You have to look at the data. And the data all seem to be saying that men and women who make it to the point of entering the academic world have roughly equal intellectual potential, and that the differences between them are shaped by sociocultural influences, not biology.

To analyze some of the theories put forth for the math gender gap, Kane and Mertz looked at internationally standardized scores for the 2003 and 2009 OECD Program for International Student Assessment math tests and the 2003 Trends in International Mathematics and Science Study. These two datasets include data from 86 countries with a 31-country overlap. If the greater male variability hypothesis, which posits that men have a greater range of intelligence than women, is true, then that variability would persist, consistently, across all 86 countries.

Instead, "For any given country, you quite reproducibly measure the same variance ratio," Mertz says. But between countries the variance ratio changes. Persistent cultural factors, in other words, seem very important in setting variance ratios. "That was one thing that really shocked me," Mertz says.

Some scholars have speculated that coeducational schools put women at a disadvantage in learning math. But Mertz and Kane's research found that gender-segregated schools make no difference in improving math scores for girls or boys.

And while the test scores of children from the poorest countries were affected by poverty, all correlation with per capita GDP ends at $11,500. After that, gender equity -- as measured by the World Economic Forum and Social Watch -- is the only factor they studied that's positively correlated with improved test scores for girls and for boys. "It's very reproducible from exam to exam," Mertz says. "If we were willing to speculate, one thing the U.S. might do to improve math performance would be to pass the Paycheck Fairness Act and the Equal Rights Amendment to the U.S. Constitution."

Well, changing a few laws isn't necessarily going to change people's attitudes, so I'd disagree with her there. But as a reflection of deeper problems in how we perceive science and math and women and men, yes, she has a point.

Mertz cites a shirt famously removed from racks at the American retail clothing chain Forever 21 earlier this year as an example of the unhealthy attitude towards math in U.S. culture. The shirt said, simply, "Allergic to Algebra."

"'Allergic to Algebra'?" Mertz says. "This is what's being sold in the U.S. in 2011? Whereas there's a book in Japan [for teenage girls] called Math Girls. That book is essentially an introduction to topics you would see as a hardcore math major in college, and this is a bestseller in Japan. It's in its 18th printing; they've had three sequels. Can you imagine that in the U.S.?"

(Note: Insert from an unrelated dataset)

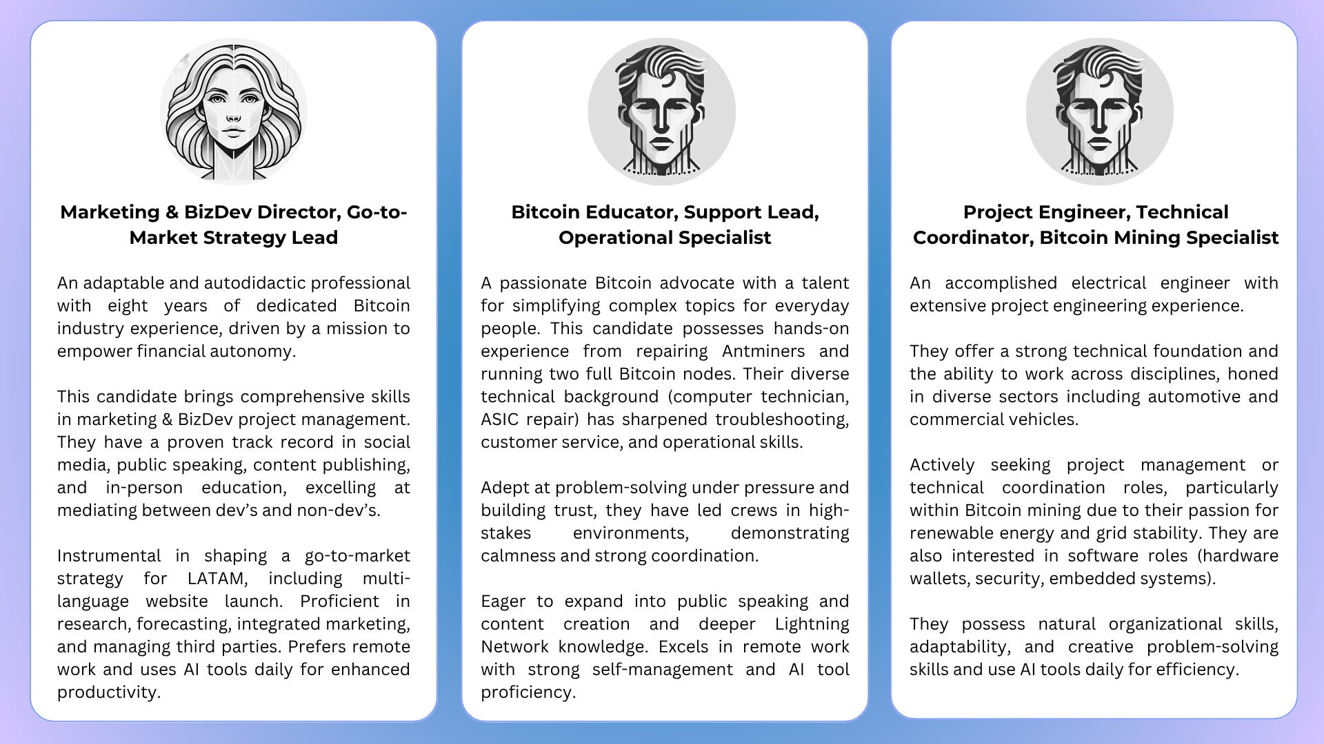 We have incredible Bitcoin professionals in our talent pool. Here’s a selection:

There is no denying that the most important factor contributing to academic performance is cultural, not biological. Biology sets the limits, but culture determines what you do within those boundaries, and clearly, we have lots of room for improvement in intellectual accomplishment; most people aren't bumping up against the physical limitations of what their brains can do. What we should be doing is looking at our people, and trying to do better. Less than 30% of the professoriate are women? That doesn't say women aren't as smart, it should be seen as missed potential, and we should be working harder to give every man and woman equal access to the chance to excel. 65% of men and 72% of women graduate from high school? Let's figure out what's holding the men back and fix it.

The great crime here is when people try to claim that these differences are hardwired and nothing can or should be done about them. Brains are plastic to a degree that makes minor potential differences between sexes and races negligible.